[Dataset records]
○ ○ ○ ○ ○
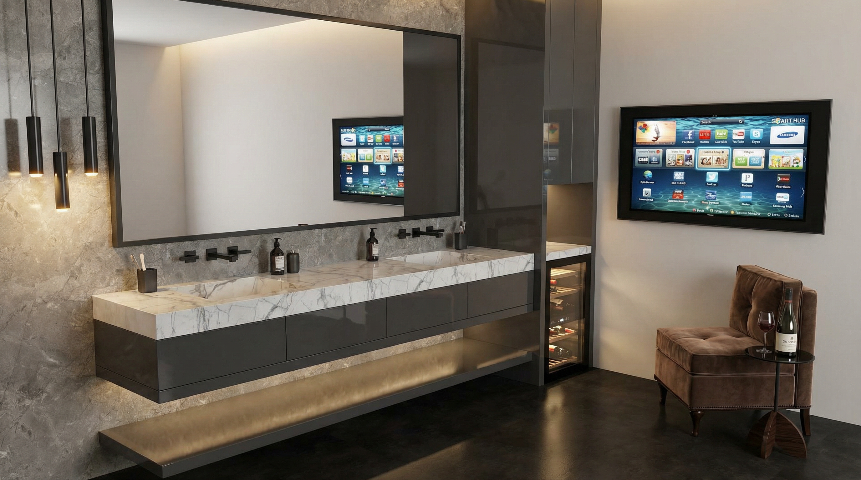 the wood is changed to a modern shiny charcoal grey paint the chair is a rust orange luxury velvet fabric high end hotel vibe
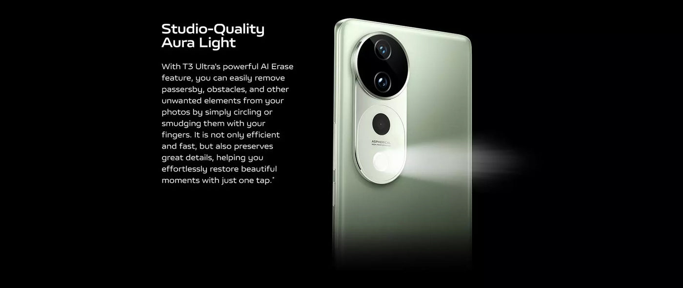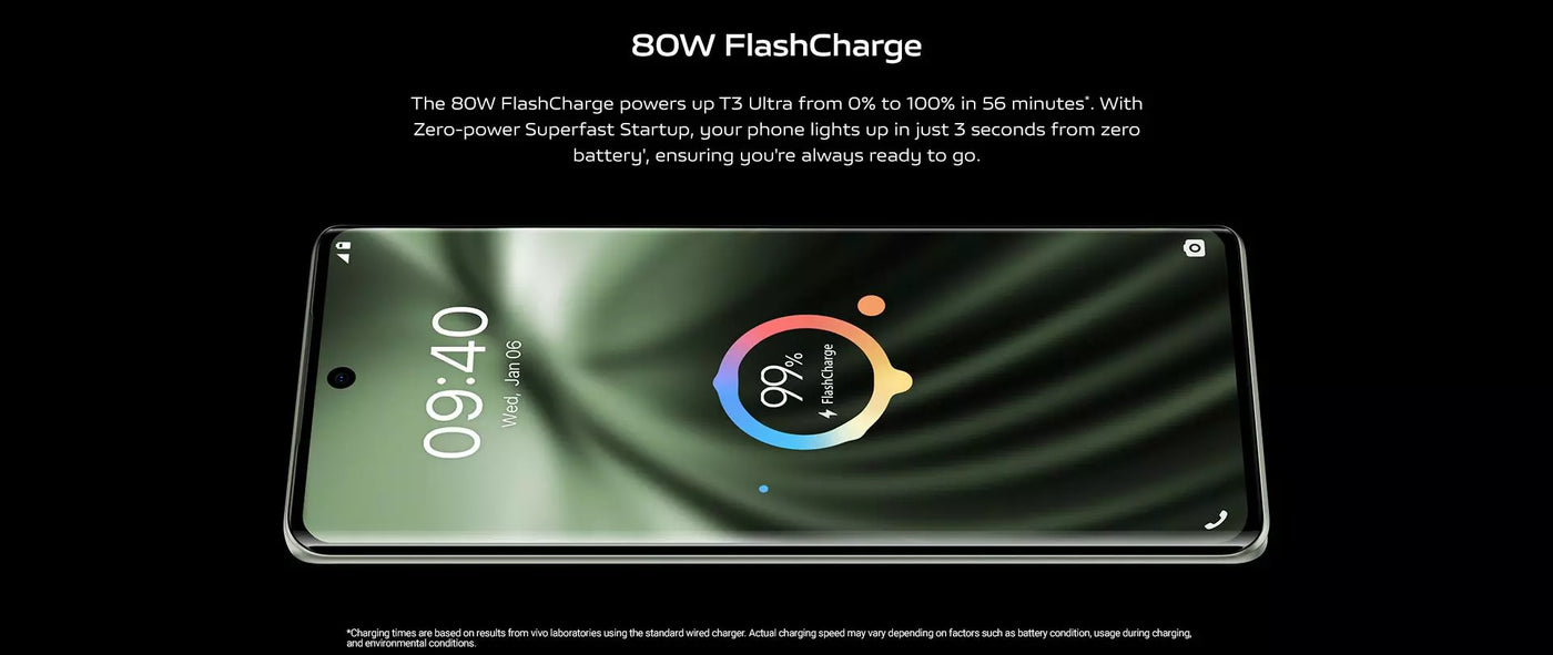 The 80 W FlashCharge powers up T3 Ultra from 0% to 100% in 56 minutes. With Zero-power Superfast Startup, your phone lights up in just 3 seconds from zero battery', ensuring you're always ready to go.
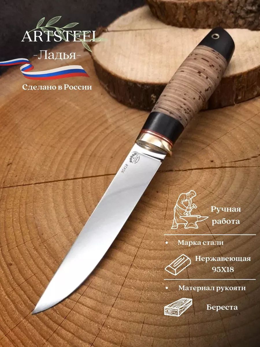 Нож Ладья из стали 95Х18, рукоять береста ZK085-9BR
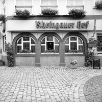 Auf älterem Erdgeschoss weitgehend im 18. Jh. errichtetes oder erneuertes Eckhaus. Als Gasthaus Rheingauer Hof seit 1849 erwähnt; kürzlich durchgreifend erneuert. Durch die prominente Lage an der platzartig erweiterten Einmündung der Marktstraße wesentlich das Bild der Stadtmitte bestimmender, verputzter Massivbau. Im Erdgeschoss zur Marktstraße hin eine zu Fenstern umgestaltete rundbogige Dreierarkade mit profilierten Sandsteingewänden, ähnlich denen des gegenübergelegenen Hauses Rheingauer Straße 19, wohl wie dieses um 1730 als Ladenarkaden entstanden. Im Keilstein abgeschliffenes Wappenschild mit Initialen A. H.
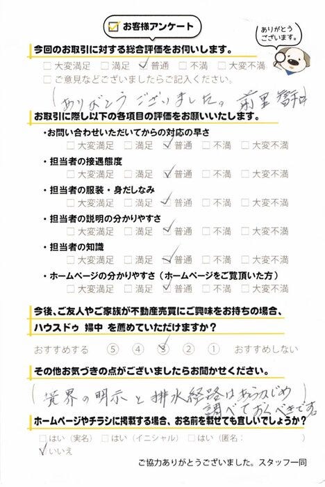 境界の明示と排水経路はあらかじめ調べておくべきです。
○ ○ ○ ○ ○
TRY IT: Copy the records above exactly. Do not carry any picture into the copy.

ANSWER AREA:
 the wood is changed to a modern shiny charcoal grey paint the chair is a rust orange luxury velvet fabric high end hotel vibe
 The 80 W FlashCharge powers up T3 Ultra from 0% to 100% in 56 minutes. With Zero-power Superfast Startup, your phone lights up in just 3 seconds from zero battery', ensuring you're always ready to go.
 Нож Ладья из стали 95Х18, рукоять береста ZK085-9BR
 Auf älterem Erdgeschoss weitgehend im 18. Jh. errichtetes oder erneuertes Eckhaus. Als Gasthaus Rheingauer Hof seit 1849 erwähnt; kürzlich durchgreifend erneuert. Durch die prominente Lage an der platzartig erweiterten Einmündung der Marktstraße wesentlich das Bild der Stadtmitte bestimmender, verputzter Massivbau. Im Erdgeschoss zur Marktstraße hin eine zu Fenstern umgestaltete rundbogige Dreierarkade mit profilierten Sandsteingewänden, ähnlich denen des gegenübergelegenen Hauses Rheingauer Straße 19, wohl wie dieses um 1730 als Ladenarkaden entstanden. Im Keilstein abgeschliffenes Wappenschild mit Initialen A. H.
 境界の明示と排水経路はあらかじめ調べておくべきです。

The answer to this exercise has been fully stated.